Gu Chen glanced around, then whispered, ‘You don’t know? Heard it from others. Team Leader Shao had a mentor, someone who taught him everything. They worked together for four or five years. In the end, something happened with the mentor’s daughter—and Shao still arrested him with his own hands.’
I shook my head. That’s a level I’m still a long way from.
“Let’s go,” I said.
“Where to?” Gu Chen asked.
I ran my fingers through my hair, walking to the door. ‘This killer’s getting bolder with every case. You know what kind of cases are the hardest to crack?’
“The hardest?” Gu Chen stroked his chin. “The toughest should be those where the killer plans everything—from alibis to dodging cameras, using tricky murder methods, hiding deep…”
He trailed off, looking at me. “Are there really such killers out there?”
I shook a finger. ‘No, that’s not it at all. The cases hardest to crack aren’t always the most carefully planned or calculated. Imagine this: it’s late, you’re walking down the street alone, and someone suddenly stabs you from behind.’
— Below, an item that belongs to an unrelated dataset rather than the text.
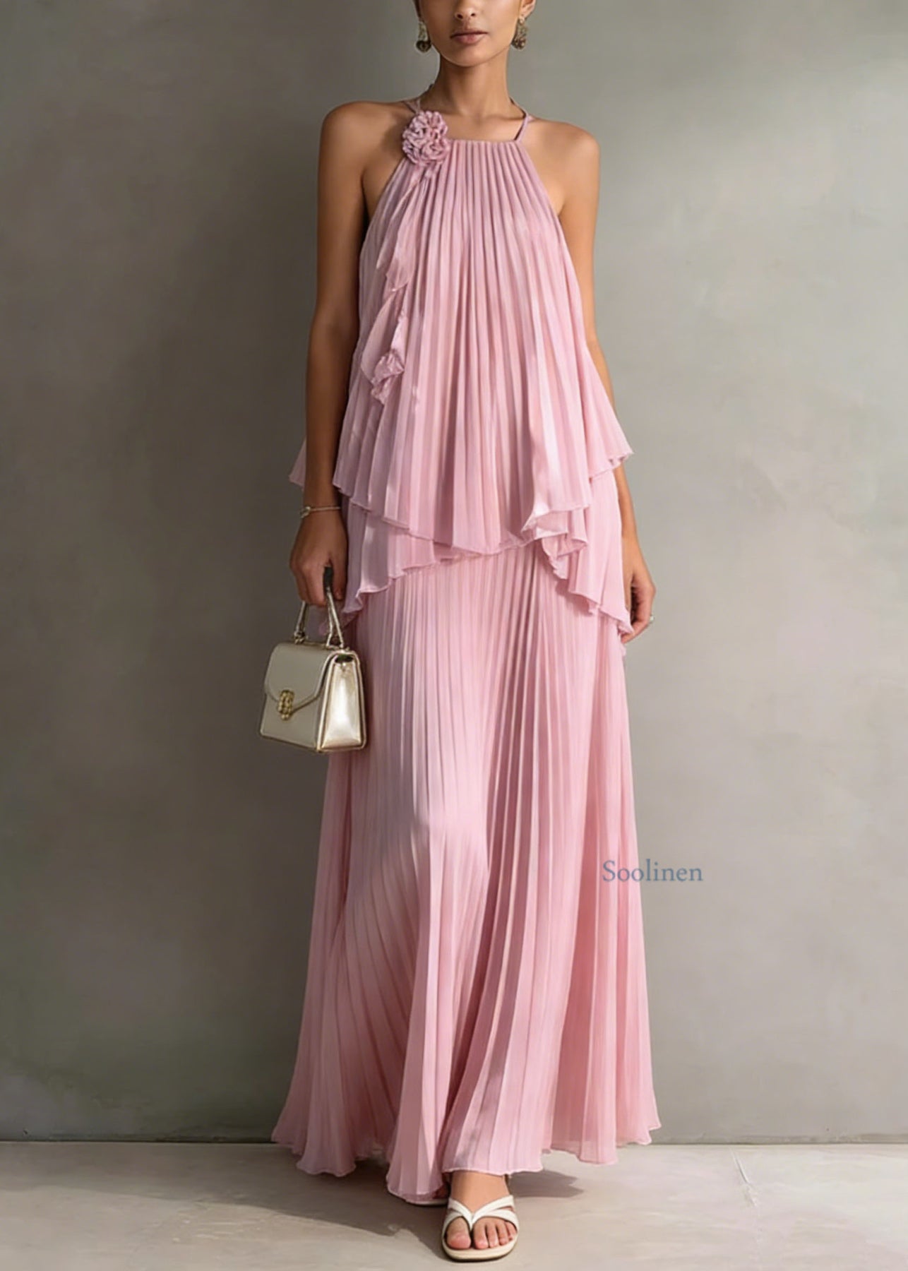 Holiday Style Pink Pleated Top And Skirts Chiffon Two Pieces Set Summer

‘No motive, no reason—they just want to kill. You just happened to cross paths, then they vanish. No cameras, no motive, no link between you. How do we even find a killer like that?’
Gu Chen’s brows furrowed. ‘You’re making a point here.’
I nodded, looking at his confused face. ‘Before, the killer would leave tools—potassium cyanide, ropes, maybe a specific knot. But now? Nothing left at the scene, no cameras, no motive. He’s getting more careful.’
Gu Chen’s eyes lit up. ‘So you think he knows we’re after him?’
‘What if he never shows up again?’ I stared at Gu Chen. ‘How do we catch him then?’
“Potassium cyanide?” Gu Chen pointed.
I nodded. ‘Exactly. You can get rope anywhere, but potassium cyanide—that’s our biggest lead. We can’t let this go. If we lose this clue, we might never catch him. We need to re-interrogate those five kids.’
“By the way, tell Mary to investigate the dead man’s background. Now, add one more person to her list,” I said, dialing Mary. “Mary, there’s a new victim, Ma Liliang, worked at a real estate agency. Look into his background, and also check out the clothing company he worked for. See if there’s a way to take it down.”
“Take it down?” Mary sounded confused.
I said, ‘Yeah. It’s a shell company, basically a scam that cheats people out of franchise fees.’
Mary went silent for a moment, then replied, ‘Do you know how many scam companies like that exist? Even if you bust one, they just change names and keep going. There are too many. How can you possibly stop them all?’
Her words left me speechless.
How could anyone control the greed inside human nature?